Data section ::

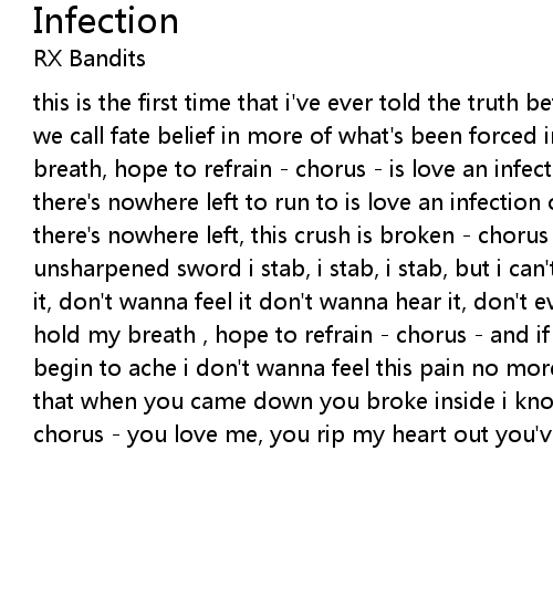 this is the first time that i've ever told the truth before to scrutinize what we call fate belief in more of what's been forced into subconscious's hold my breath, hope to refrain - chorus - is love an infection or a sick addiction when there's nowhere left to run to is love an infection or a sick addiction when there's nowhere left, this crush is broken - chorus - her empty needle is my unsharpened sword i stab, i stab, i stab, but i can't puncture don't wanna let it, don't wanna feel it don't wanna hear it, don't even wanna think about it hold my breath , hope to refrain - chorus - and if i can't afford her my veins begin to ache i don't wanna feel this pain no more have you ever felt so high that when you came down you broke inside i know she won't take the blame - chorus - you love me, you rip my heart out you've broken me for to long now |
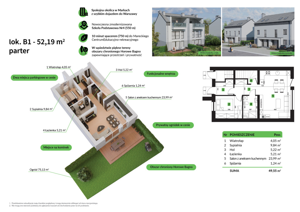 Przedstawione wizualizacje i grafiki mają charakter wyłącznie poglądowy i stanowią wyłącznie materiał pomocniczy, ułatwiający zorientowanie się w ogólnym wyglądzie oferowanej nieruchomości.
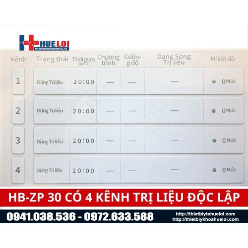 Máy điện xung trung tần HB-ZP30 được trang bị lên đến 4 kênh đầu ra có khả năng tùy chỉnh thông số hoạt động độc lập, cùng với 8 cặp điện cực đa dạng kích thước giúp tùy chỉnh linh hoạt điện trị liệu kết hợp nhiệt trị liệu cho từng vùng cơ thể cũng như từng mục đích trị liệu cụ thể. Thiết kế này mang lại sự linh hoạt vượt trội, cùng với công suất đầu vào lớn 120VA, đảm bảo máy cung cấp giải pháp trị liệu ổn định đồng thời tới bốn bệnh nhân giúp giảm thiểu tối đa thời gian chờ của người bệnh và tối ưu được hiệu suất cơ sở trị liệu. Mặt khác có thể sử dụng 4 kênh này để tác động lên nhiều vùng cơ thể riêng biệt trên cùng một bệnh nhân, xây dựng phác đồ trị liệu đa vùng.
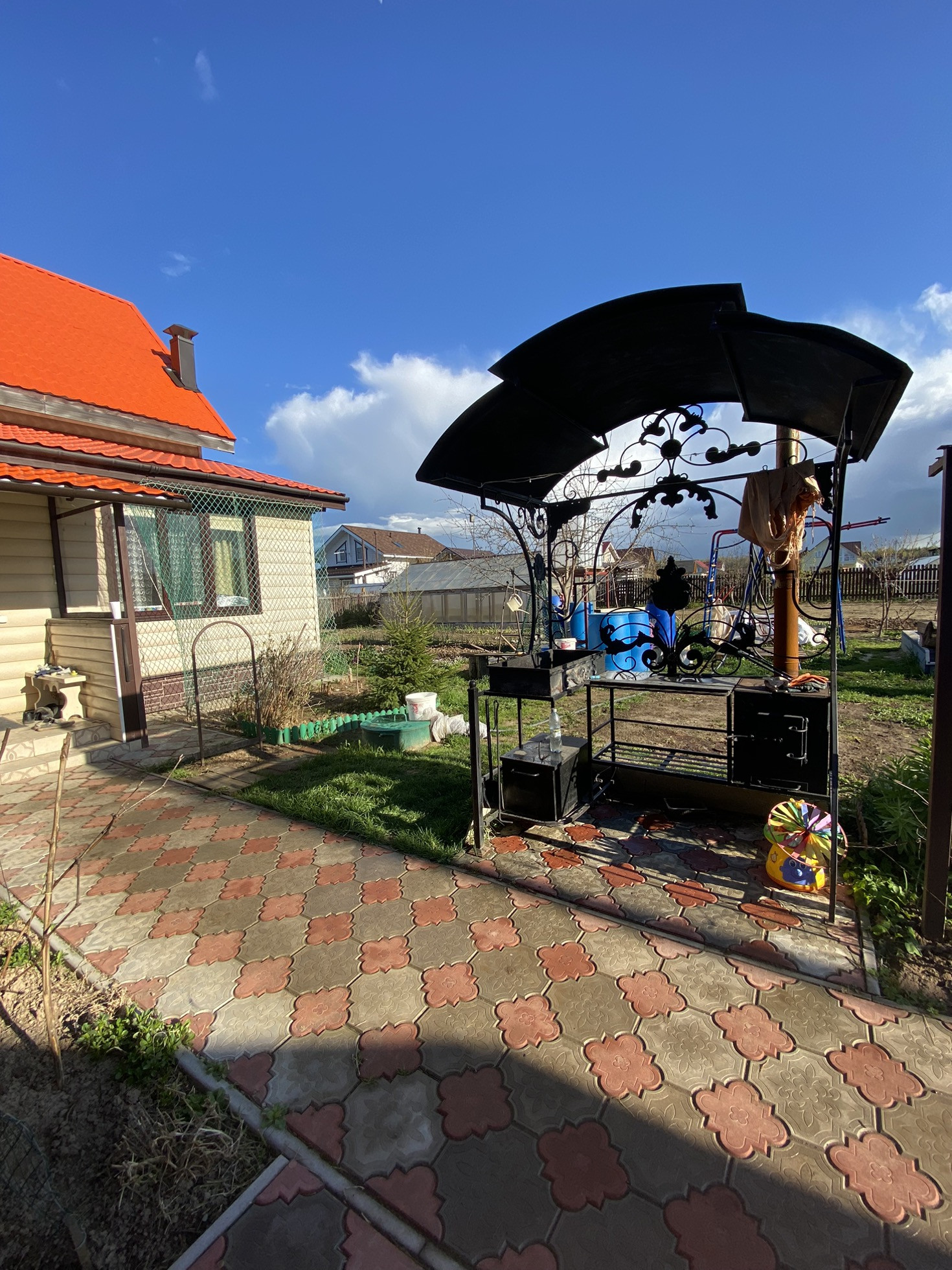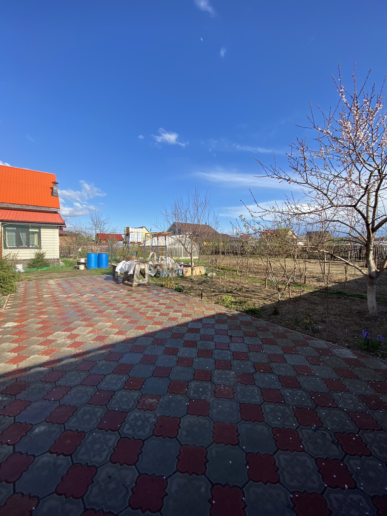 Есть детский уголок, песочница и спортивный комплекс, летом ставим большой батут, есть место под большой каркасный бассейн.
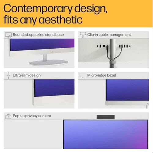 Say goodbye to bulky towers and messy cables. The HP All-in-One 24-cr0086d Core i5 13th Gen Desktop PC integrates all its power and technology into a slim, elegant form factor.
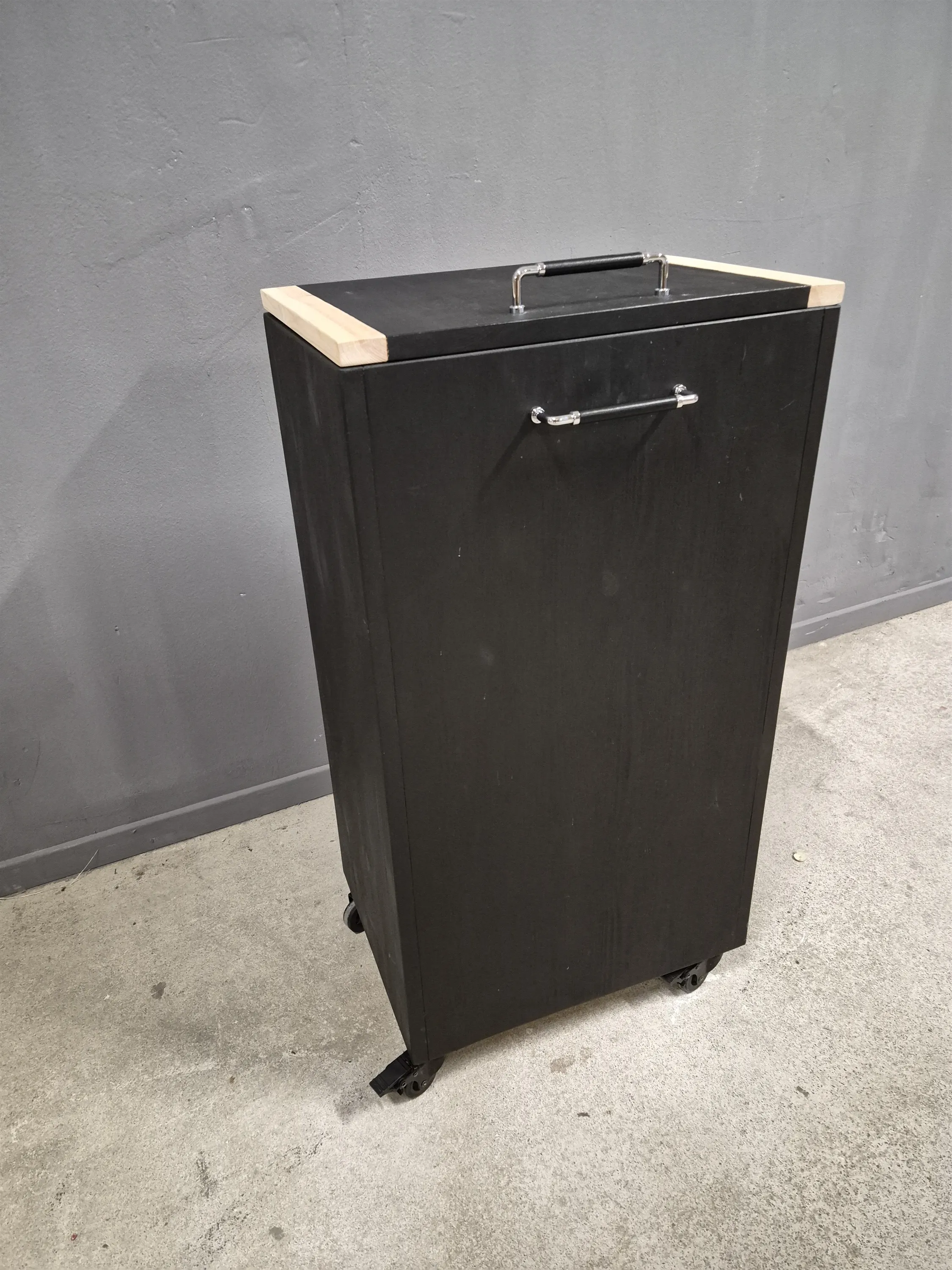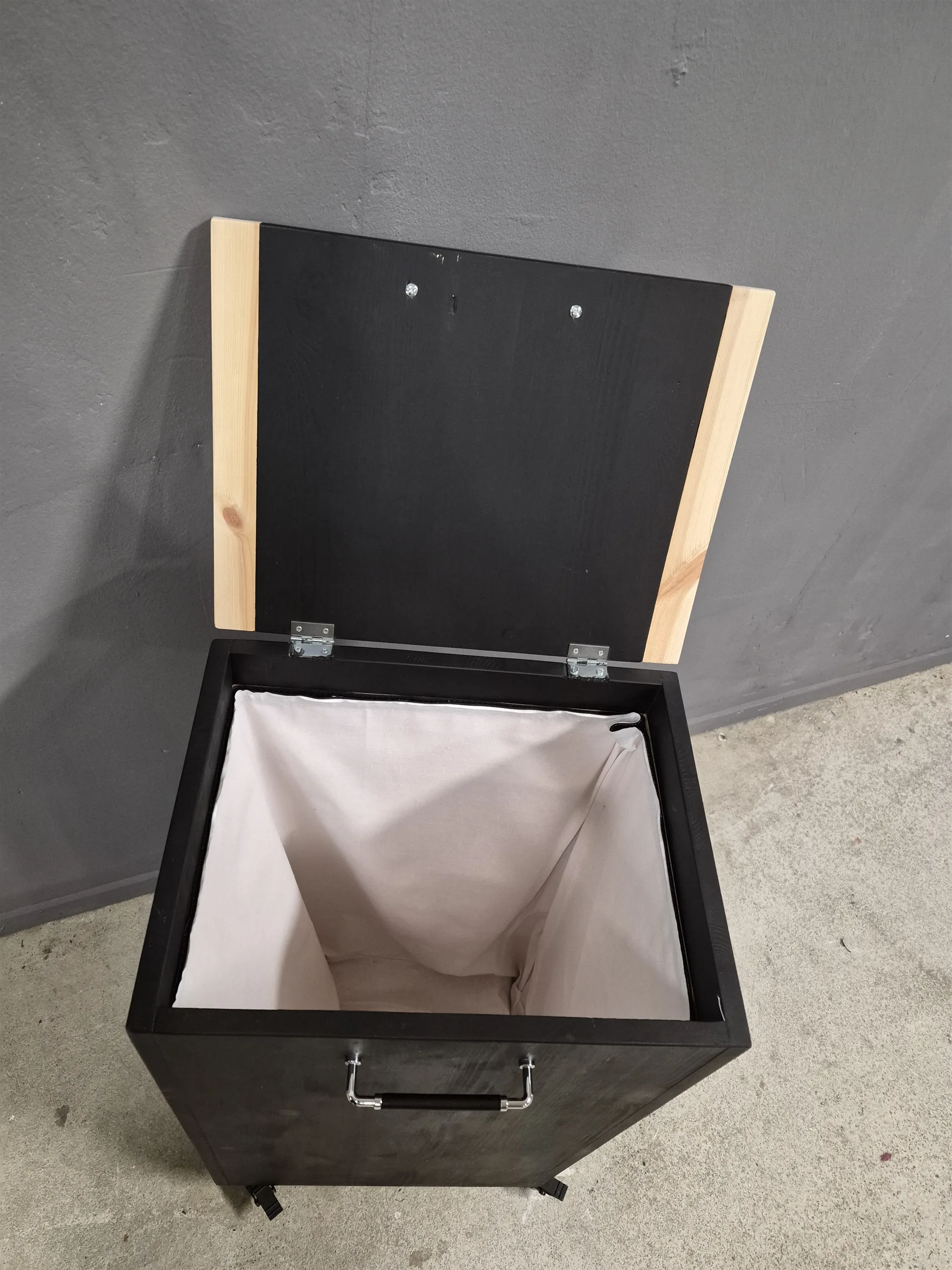 17478. Tvättkorg på hjul, trä, höjd 85 cm
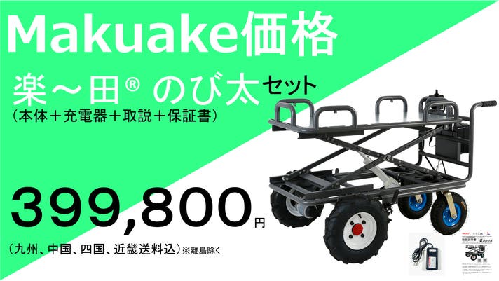 また、商品名の「楽~田®」は、弊社代表が、上記の「夢」をかなえるために自信を持ってお勧めできる電動運搬車等に用いる商標です(商標登録第6802594号)。

What the exercise asks ::
Output each entry above word for word. The pictures stay out.

Answer section ::
 this is the first time that i've ever told the truth before to scrutinize what we call fate belief in more of what's been forced into subconscious's hold my breath, hope to refrain - chorus - is love an infection or a sick addiction when there's nowhere left to run to is love an infection or a sick addiction when there's nowhere left, this crush is broken - chorus - her empty needle is my unsharpened sword i stab, i stab, i stab, but i can't puncture don't wanna let it, don't wanna feel it don't wanna hear it, don't even wanna think about it hold my breath , hope to refrain - chorus - and if i can't afford her my veins begin to ache i don't wanna feel this pain no more have you ever felt so high that when you came down you broke inside i know she won't take the blame - chorus - you love me, you rip my heart out you've broken me for to long now |
 Przedstawione wizualizacje i grafiki mają charakter wyłącznie poglądowy i stanowią wyłącznie materiał pomocniczy, ułatwiający zorientowanie się w ogólnym wyglądzie oferowanej nieruchomości.
 Máy điện xung trung tần HB-ZP30 được trang bị lên đến 4 kênh đầu ra có khả năng tùy chỉnh thông số hoạt động độc lập, cùng với 8 cặp điện cực đa dạng kích thước giúp tùy chỉnh linh hoạt điện trị liệu kết hợp nhiệt trị liệu cho từng vùng cơ thể cũng như từng mục đích trị liệu cụ thể. Thiết kế này mang lại sự linh hoạt vượt trội, cùng với công suất đầu vào lớn 120VA, đảm bảo máy cung cấp giải pháp trị liệu ổn định đồng thời tới bốn bệnh nhân giúp giảm thiểu tối đa thời gian chờ của người bệnh và tối ưu được hiệu suất cơ sở trị liệu. Mặt khác có thể sử dụng 4 kênh này để tác động lên nhiều vùng cơ thể riêng biệt trên cùng một bệnh nhân, xây dựng phác đồ trị liệu đa vùng.
 Есть детский уголок, песочница и спортивный комплекс, летом ставим большой батут, есть место под большой каркасный бассейн.
 Say goodbye to bulky towers and messy cables. The HP All-in-One 24-cr0086d Core i5 13th Gen Desktop PC integrates all its power and technology into a slim, elegant form factor.
 17478. Tvättkorg på hjul, trä, höjd 85 cm
 また、商品名の「楽~田®」は、弊社代表が、上記の「夢」をかなえるために自信を持ってお勧めできる電動運搬車等に用いる商標です(商標登録第6802594号)。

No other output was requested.